• **DATA**
==================================================

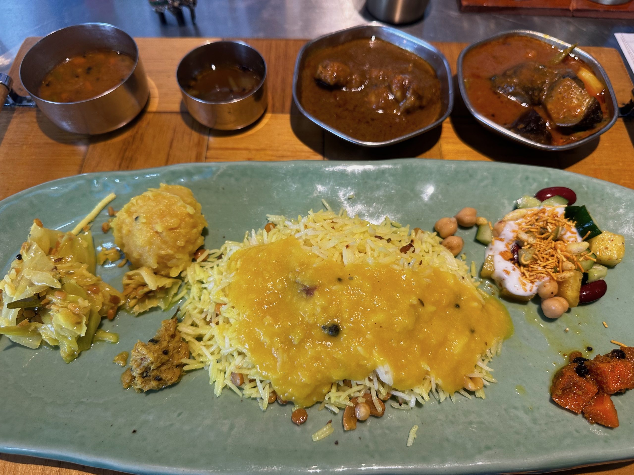 すぐ近くにRスリランカがあることに気付き、どっち行くか迷ったが、最初の予定通りゼロワンへ。どちらも混んでます。こちらは南インド系。ランチは少し変わったミールス。カレーは4種類くらいから何種盛りか選び、ライスは2種類(玄米、インディカ米ミックス or バスマティのレモンライス)から選ぶ。 お皿の上には、ポテトサラダ?、豆やパイナップルとかありヨーグルトと混ざってとっても爽やか。 カレーが濃厚ですが、後味がすっきりする。 LINE登録するとなんかおかわりできるみたい。
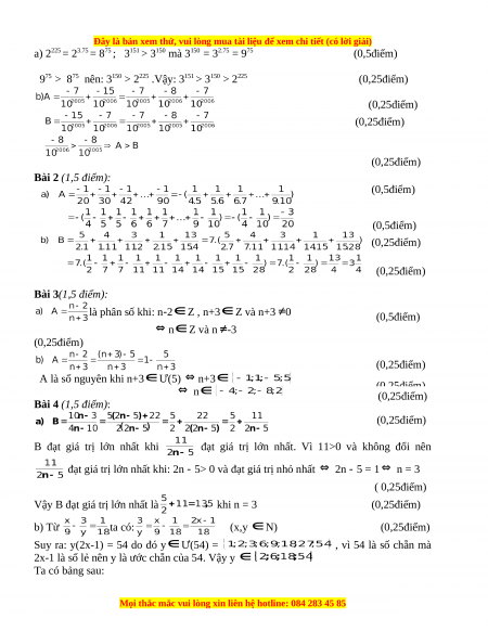 Bài 1 (1,5 điểm): a) So sánh: 2225 và 3151
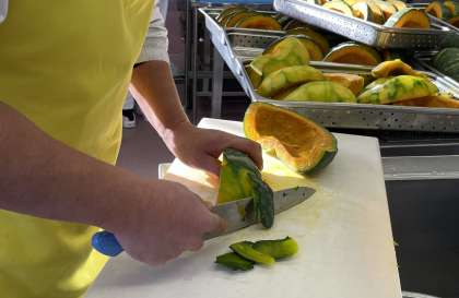 スイートパンプキンは、さつまいもとかぼちゃを半量ずつ使って作ります。かぼちゃは皮が硬いので、一度蒸してから皮を落としています。この後さらに蒸してさつまいもと共につぶしていきました。
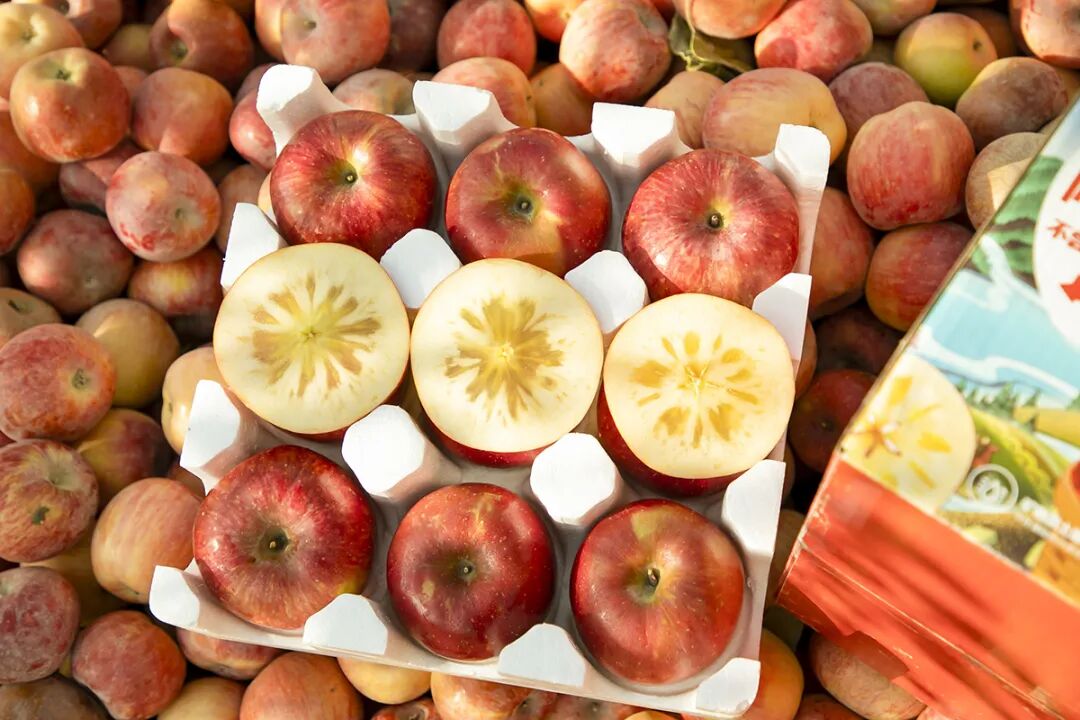 今年的阿克苏苹果已经3次霜降,脆度和甜度都杠杠的!冰糖心更是晶莹剔透,美得痴醉。

==================================================

Could you return the entire listing above verbatim while dropping each picture?

 すぐ近くにRスリランカがあることに気付き、どっち行くか迷ったが、最初の予定通りゼロワンへ。どちらも混んでます。こちらは南インド系。ランチは少し変わったミールス。カレーは4種類くらいから何種盛りか選び、ライスは2種類(玄米、インディカ米ミックス or バスマティのレモンライス)から選ぶ。 お皿の上には、ポテトサラダ?、豆やパイナップルとかありヨーグルトと混ざってとっても爽やか。 カレーが濃厚ですが、後味がすっきりする。 LINE登録するとなんかおかわりできるみたい。
 Bài 1 (1,5 điểm): a) So sánh: 2225 và 3151
 スイートパンプキンは、さつまいもとかぼちゃを半量ずつ使って作ります。かぼちゃは皮が硬いので、一度蒸してから皮を落としています。この後さらに蒸してさつまいもと共につぶしていきました。
 今年的阿克苏苹果已经3次霜降,脆度和甜度都杠杠的!冰糖心更是晶莹剔透,美得痴醉。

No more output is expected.